Two people who act just like each other can't . . . they don't . . . they're not compatible. As a daughter of Aphrodite, Piper McLean knows for certain that when it comes to love opposites attract. She and Jason are together. Percy and Annabeth are. Leo and Calypso are. Frankly, (did you see what she did there?) the only couple on the Argo II who acted like each other were Hazel and Frank.
People, she knows, are each half of a heart — they need to find their other half to complete their soul. That was what Prometheus was thinking when he made both men and women, right? (She's not very sure — it, ironically, was never her best subject. She didn't care much for the theories of the study, but the myths) Men and women complete each other. And really, it doesn't even have to be men and women, if you take Nico and Will for an example. There just is that one person in the world who will complete somebody else.
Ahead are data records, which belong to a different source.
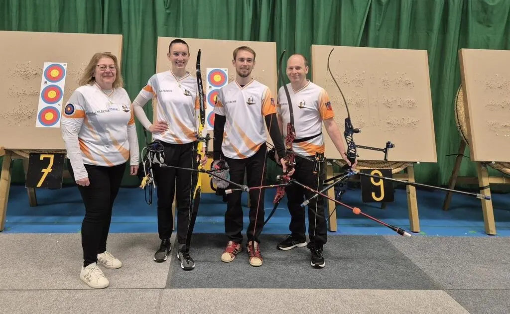 Les archers fléchois et la capitaine de la Compagnie d’arc de La Flèche (Sarthe) au championnat régional qui s’est tenu ce dimanche 9 février 2025. © Compagnie d’arc de La Flèche
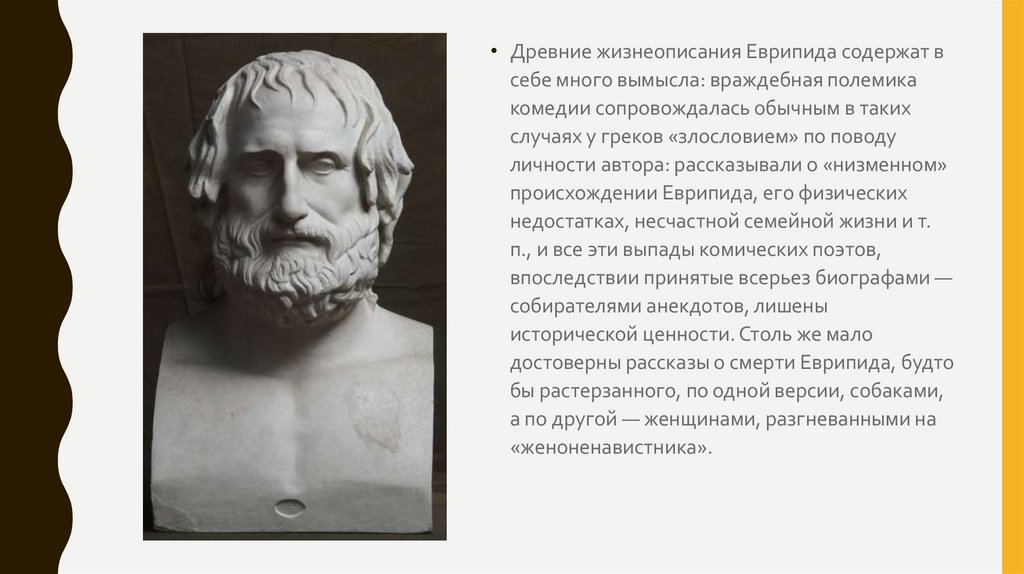 • Древние жизнеописания Еврипида содержат всебе много вымысла: враждебная полемика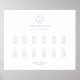 This twelve table horizontal seating chart sets a welcoming, elegant and celebratory tone for arriving guests. Elegant and chic with floral couple monogram with text in dusty blue against a white background. Personalise this seating chart to make it your own.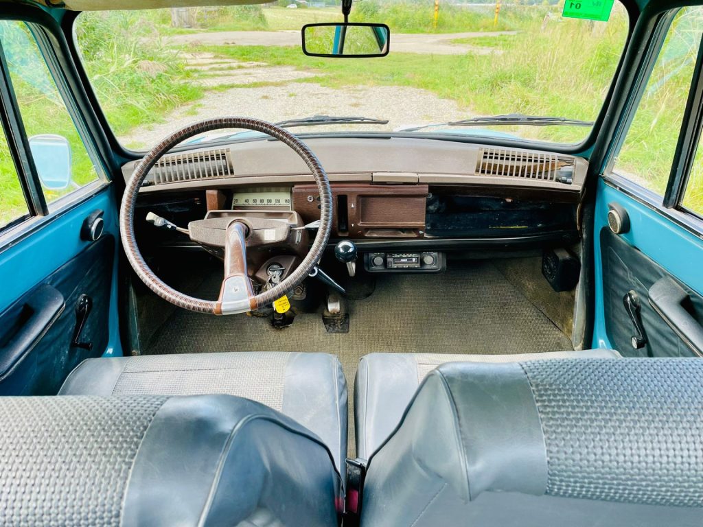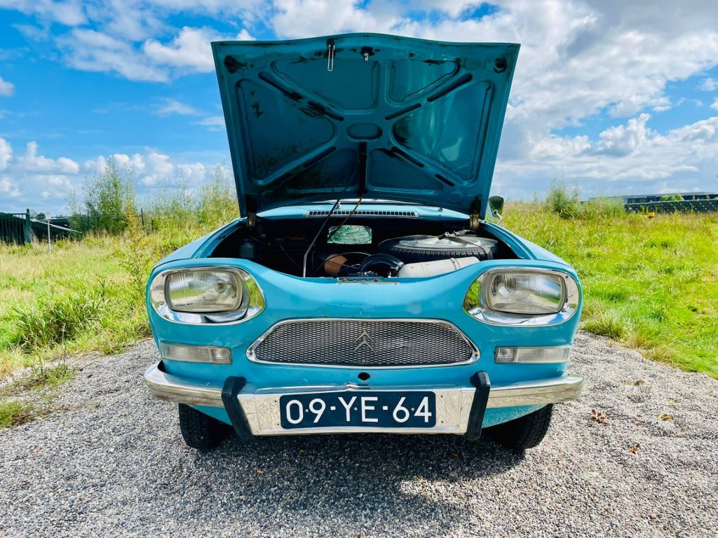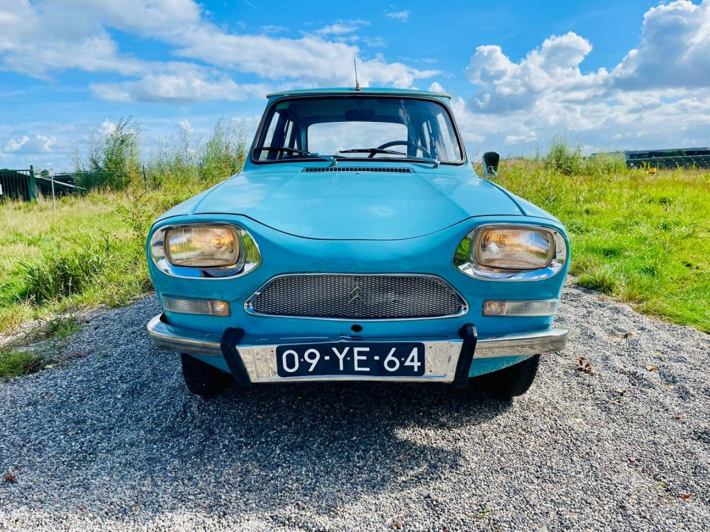 Deze leuke vintage Ami 8 berline vonden we onlangs in Spanje bij de 1e eigenaar en konden we niet laten staan. De carrosserie heeft een prachtig vintage uiterlijk met rondom wat kleine gebruikssporen en de onderzijde is puntgaaf. Het Spaanse klimaat heeft hem duidelijk goed gedaan. Het interieur is nog origineel en ziet er netjes uit.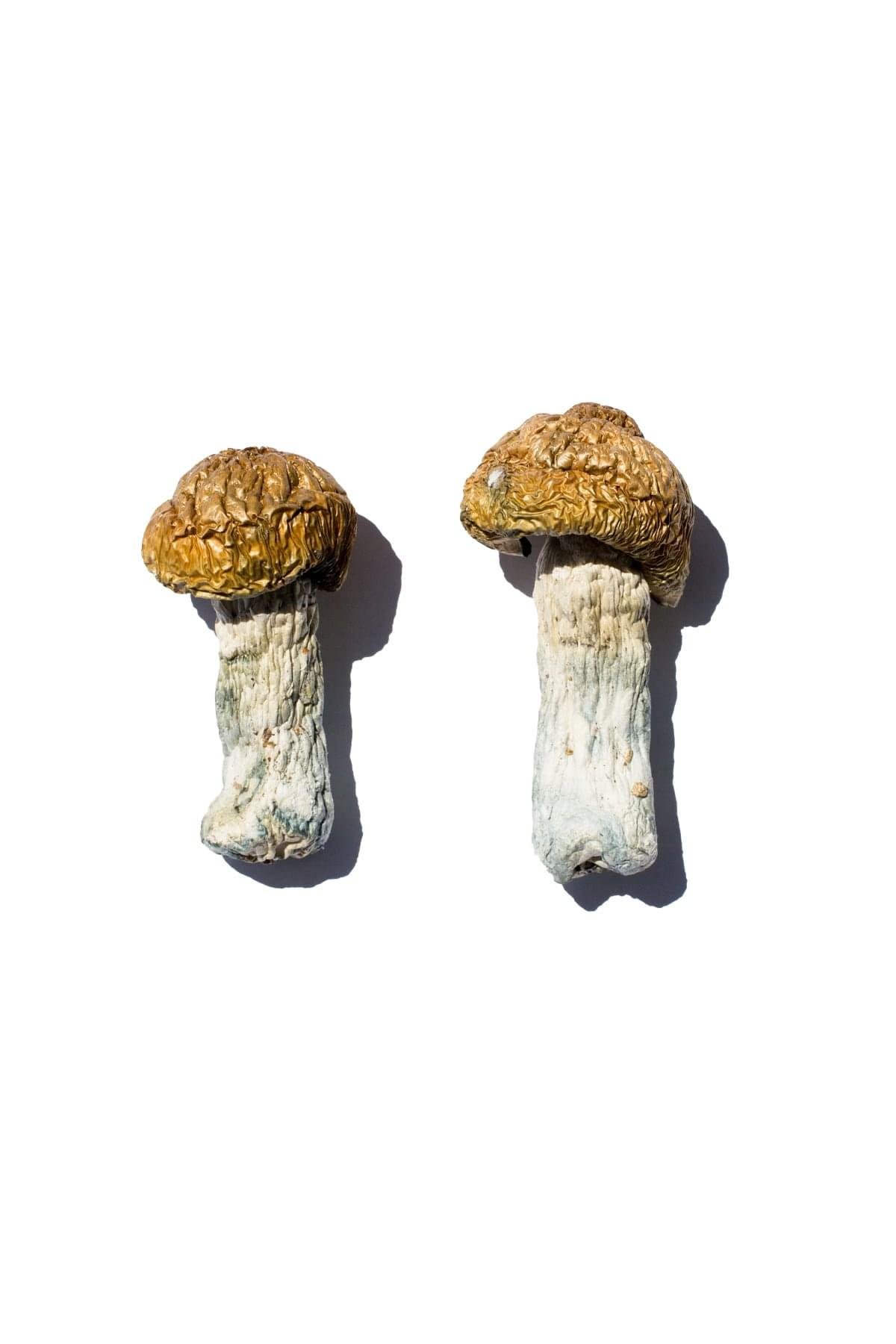 Hero shrooms are characterized by thick light-coloured stems and larger golden caps compared to the original Penis Envy’s. Some caps tend to open up and some remain closed.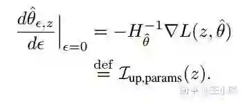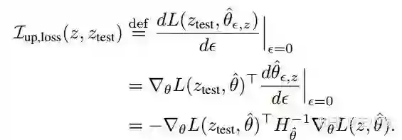这个也就是影响力函数的表达式 ,根据这个定义,作者推导出了提升某个训练样本的权重或者对训练样本施加轻微扰动之后对特定测试样本损失函数的影响: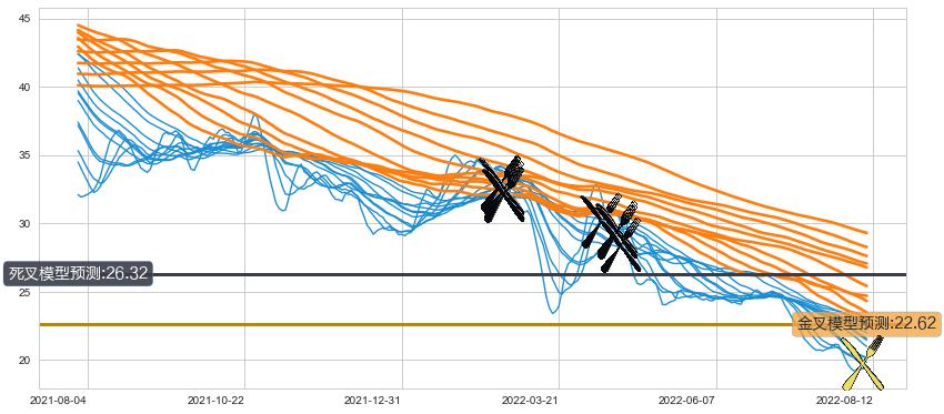 ➣ 35小时均线于(2022-02-22: 32.76)形成【死叉】基于【死叉历史模型】预测死叉后最低波谷价格: 29.06, 死叉后最低价格18.59,已经下跌超出预测最低波谷价格, 预期反弹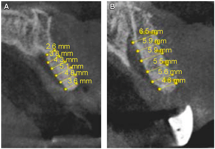 Figura 13: A) Mediciones de la TCHC antes y B) después de la colocación de la lámina ósea para zona del órgano dental 22, corte sagital. (Fuente original).
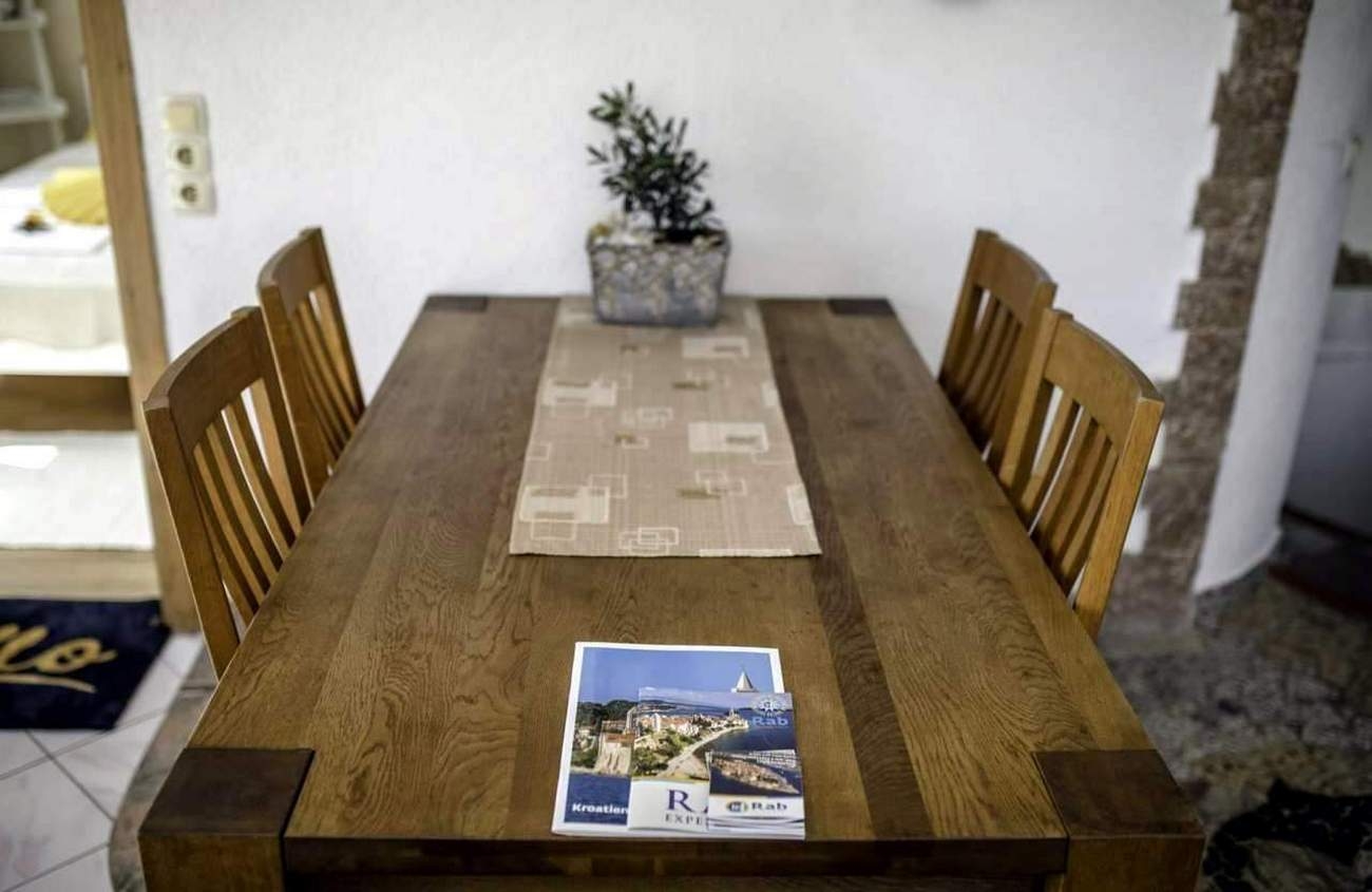 House 22226 in the town of Banjol, Rab - Kvarner has accommodation units of type Apartment (1) and is 1.4 km away from the sea. The nearest beach to this accommodation is a sand beach. You will be the houses only guests during your holiday, as there are no other rooms or apartments. The hosts will be in the house during your holiday. The house owner is under no obligation to accept additional persons and pets that were not stated in the reservation request and it is necessary to report them in advance.AMENITIES Courtyard (20m2, Sitting area), Parking lot (Number of parking spaces: 2, Distance from the house: In the courtyard), Barbecue: shared, WiFi Internet LOCATION AND ACCESS The facility is not located near the road Main road between the property and the beach Car access possible: Yes The facility is situated in quiet surroundings The facility is partly surrounded by vegetation DISTANCES Sea: 1.4 km Beach: 1.4 km Center: 3 km Shop: 1.4 km Urgent medical care: 3 km Pharmacy: 2.3 km Exchange office: 2.5 km ATMBank machine: 1.4 km Tourist info: 1.8 km Ferry port: 10 km Bus station: 2.5 km Gas station: 2 km Farmers market: 2.4 km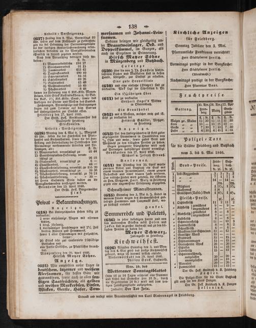 Polizei ⸗ Taxe für die Städte Friedberg und Butzbach vom 3. bis 9. Mai 1846.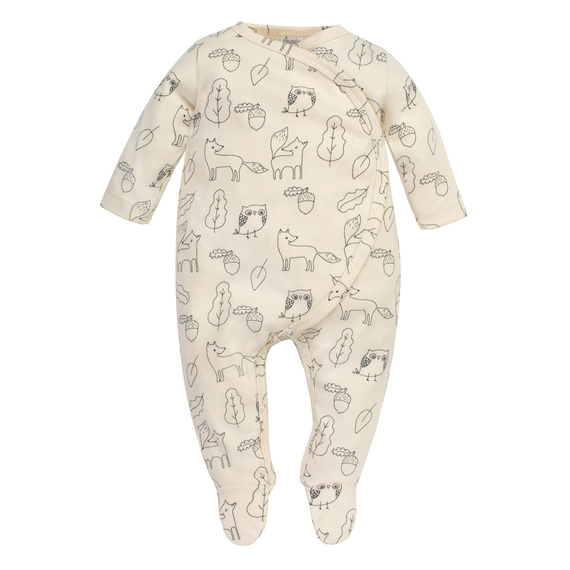 Запитване за продуктГащеризонът е изработен от нежна материя 100% памук в цвят екрю, декорирана с щампа. Разрезът на плика, напълно закопчан с безопасни щипки без съдържание на никел, прави обличането и преобличането на вашето бебе наистина лесно. Чаталът, зашит в чатала, прави дрехите да стоят добре на дете, носещо памперс. Гащеризонът е основен елемент от бельото за новородено. Произвежда се в Полша.

But of course, more often than not, things happen; car accidents and over-drinking and abortion. A person's soul will still search for it's mate, but it won't find it. So it settles for the next best thing — another half-heart that's missing a piece.
Love is complicated, Piper has learned, but she knows the logic of it — or rather, the lack thereof. There's a reason Annabeth and the rest of Athena's kids don't get love.
They're logicians, mathematicians, scientists. To them, everything has to have a rational answer. Even a feeling like love. But love isn't rational — it's magic, not the Hecate kind, but the kind which you read about it fairy tales. The kind of love which you find in the inappropriate books you read under the covers when nobody is in the house anyways, just for the thrill of it.
Love can't be measured or weighed or tamed. It's a part of human nature, one created with Chaos in the beginning of time. Love isn't an emotion, it's a force of nature.